§ **Provided data**:
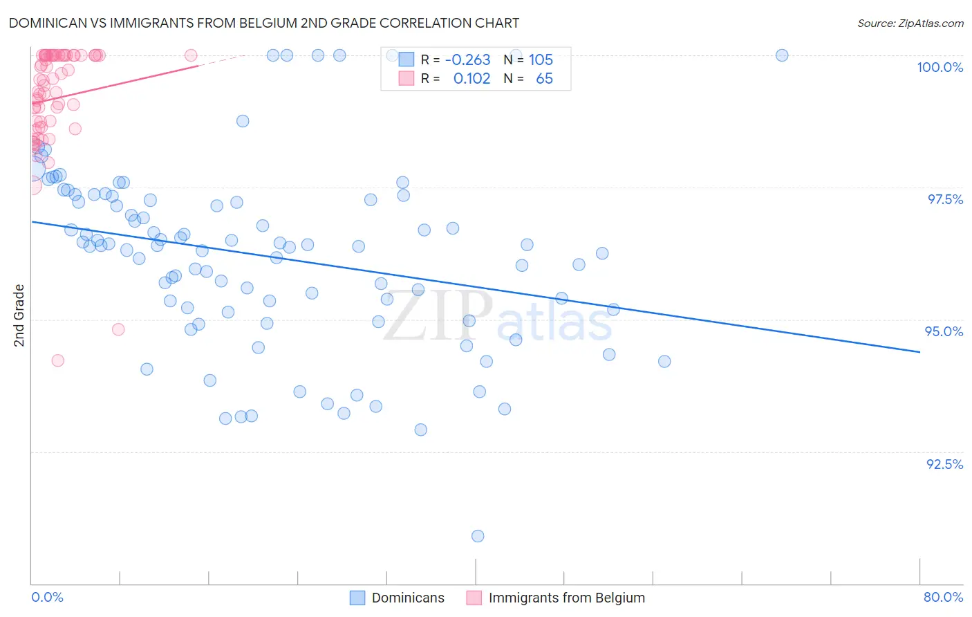 Dominican vs Immigrants from Belgium 2nd Grade Correlation Chart
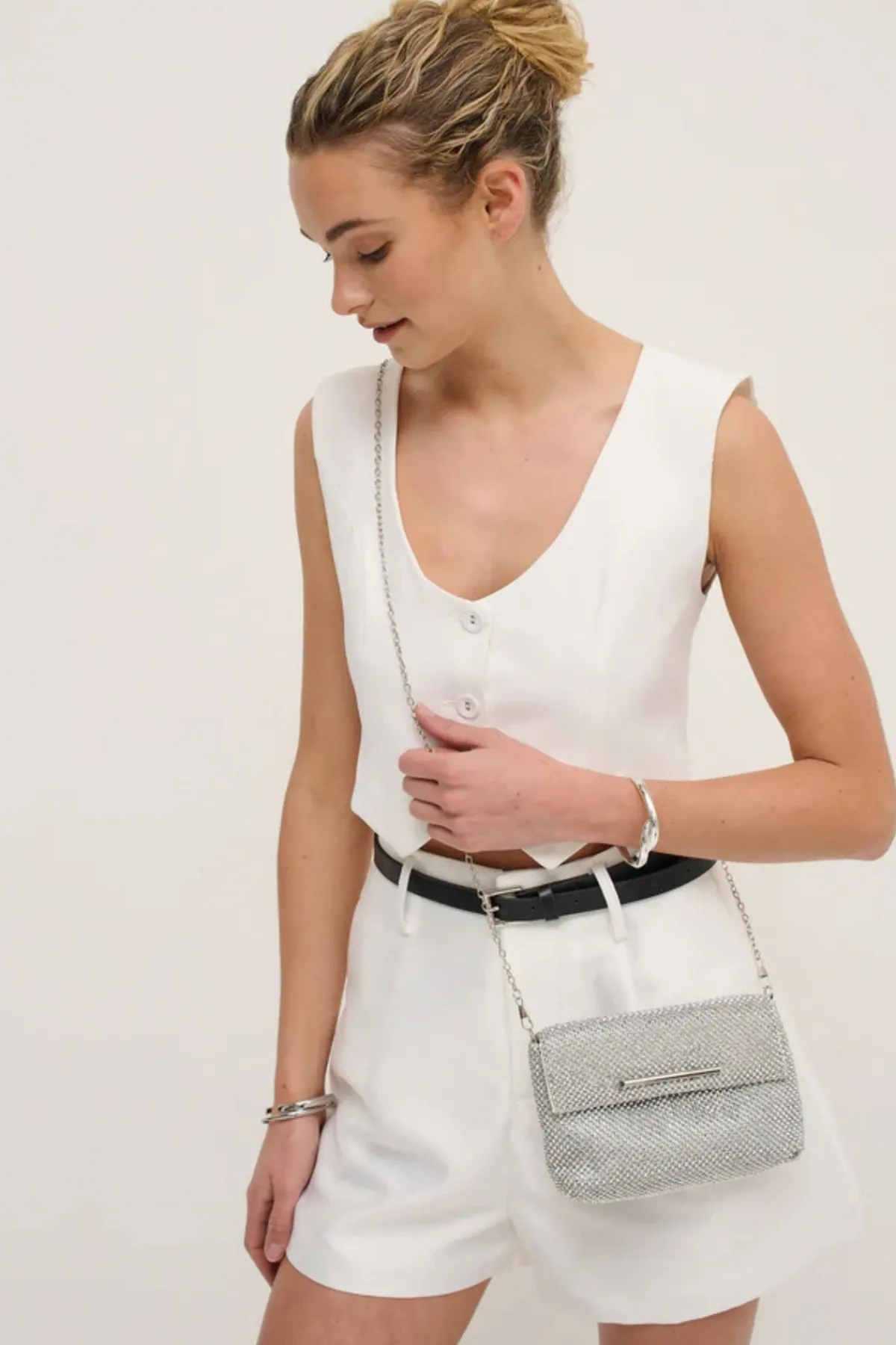 Elevate your ensemble with the Marie Glomesh Bag in shimmering silver. This glamorous accessory combines sleek design with luxurious appeal, perfect for adding a refined touch to any outfit. Its compact silhouette and crossbody style offer both elegance and practicality, making it an essential piece for sophisticated occasions.
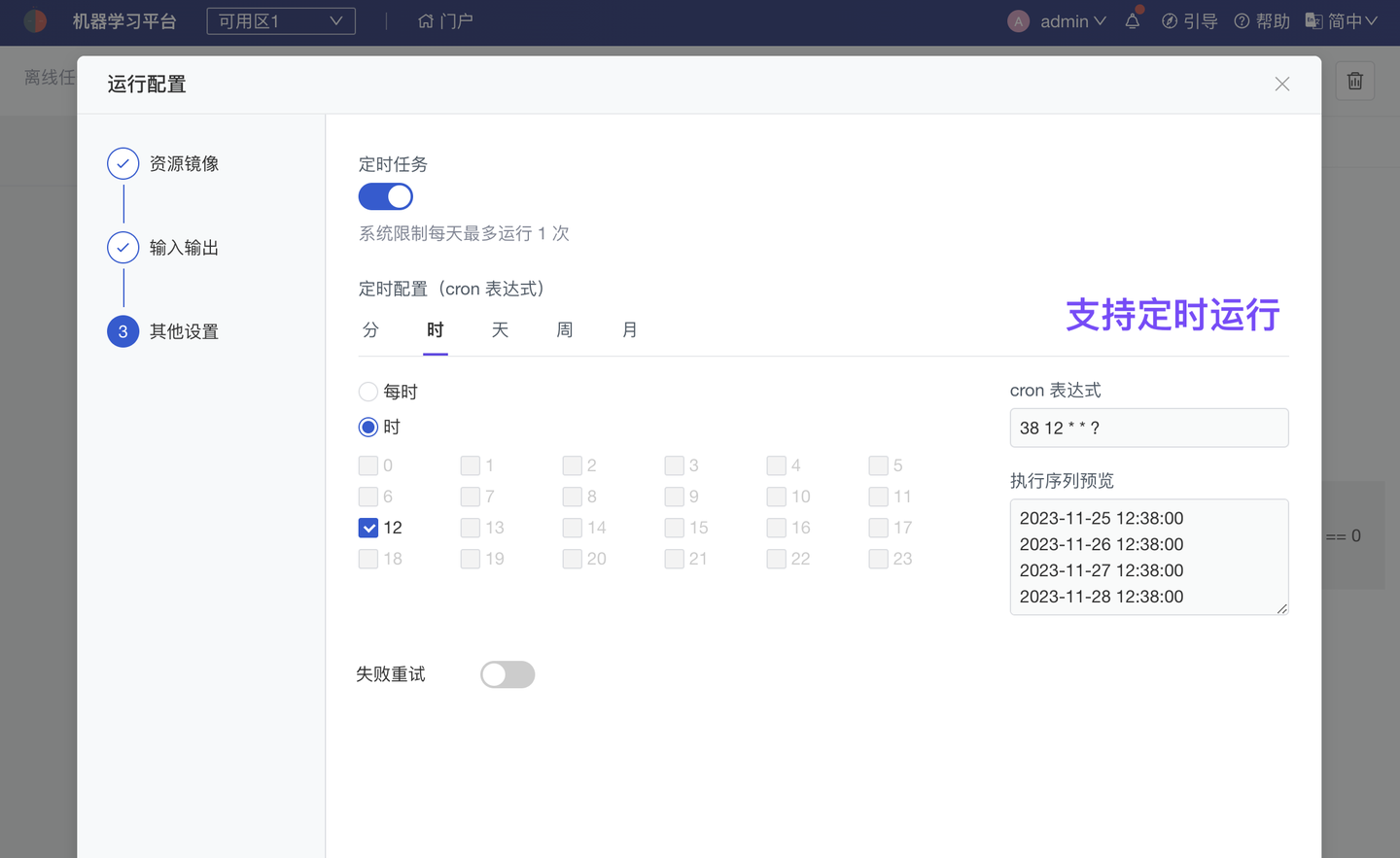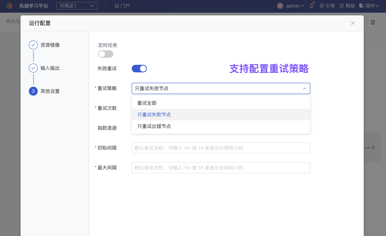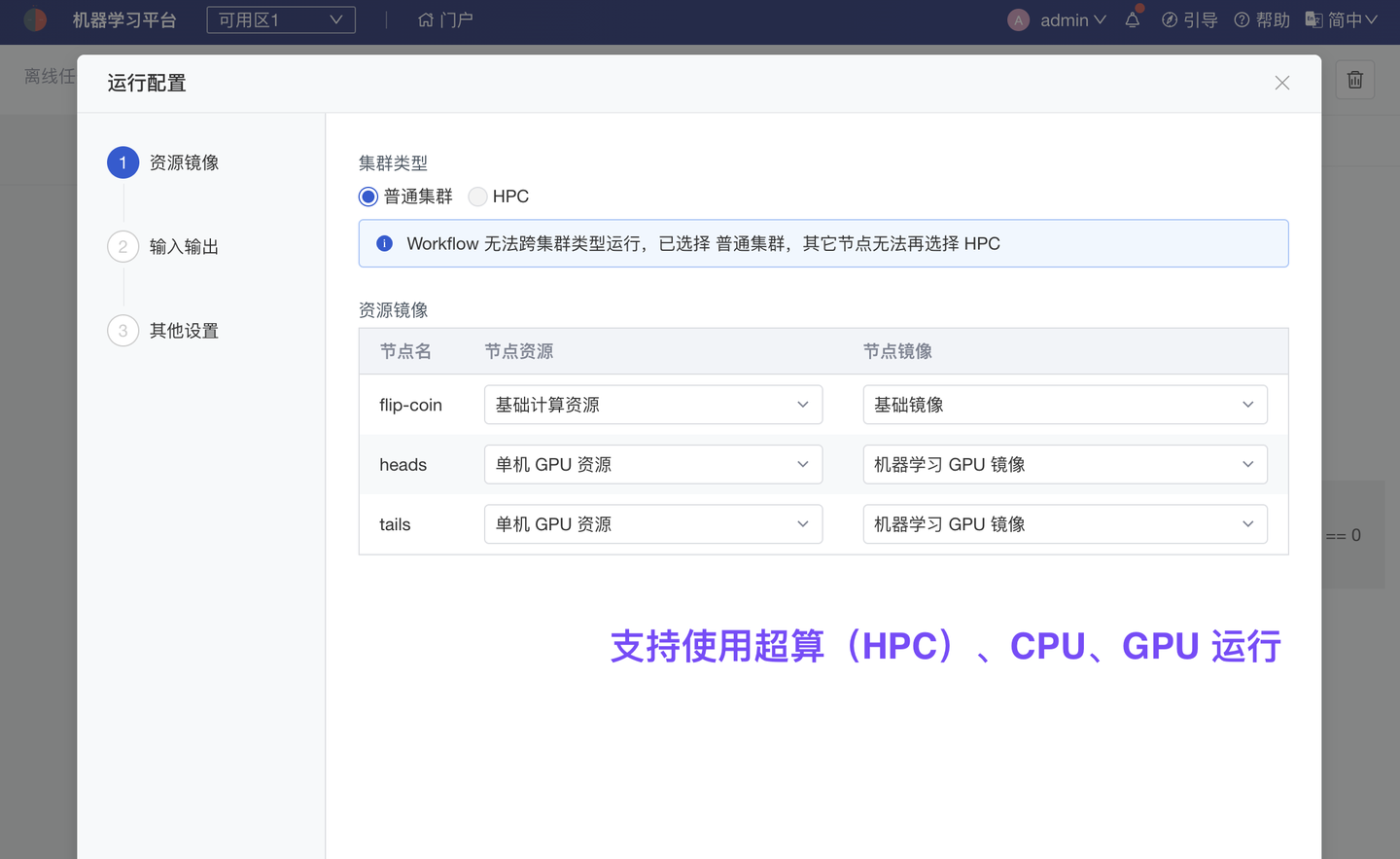 大小模型结合或多节点复杂任务,建议使用平台 Workflow 进行任务编排、并行计算。Workflow 任务节点支持 Notebook、Bash 脚本、Python 脚本、R 脚本多种类型;同时支持使用超算集群、GPU集群、GPU、CPU 组合运算,以及配置定时运行策略、结果重试策略。

§ **About this task**: Output only the lines from the start of the data through the line that holds "Elevate your ensemble". Keep them exact and leave the pictures out.

§ **Expected answer**:
 Dominican vs Immigrants from Belgium 2nd Grade Correlation Chart
 Elevate your ensemble with the Marie Glomesh Bag in shimmering silver. This glamorous accessory combines sleek design with luxurious appeal, perfect for adding a refined touch to any outfit. Its compact silhouette and crossbody style offer both elegance and practicality, making it an essential piece for sophisticated occasions.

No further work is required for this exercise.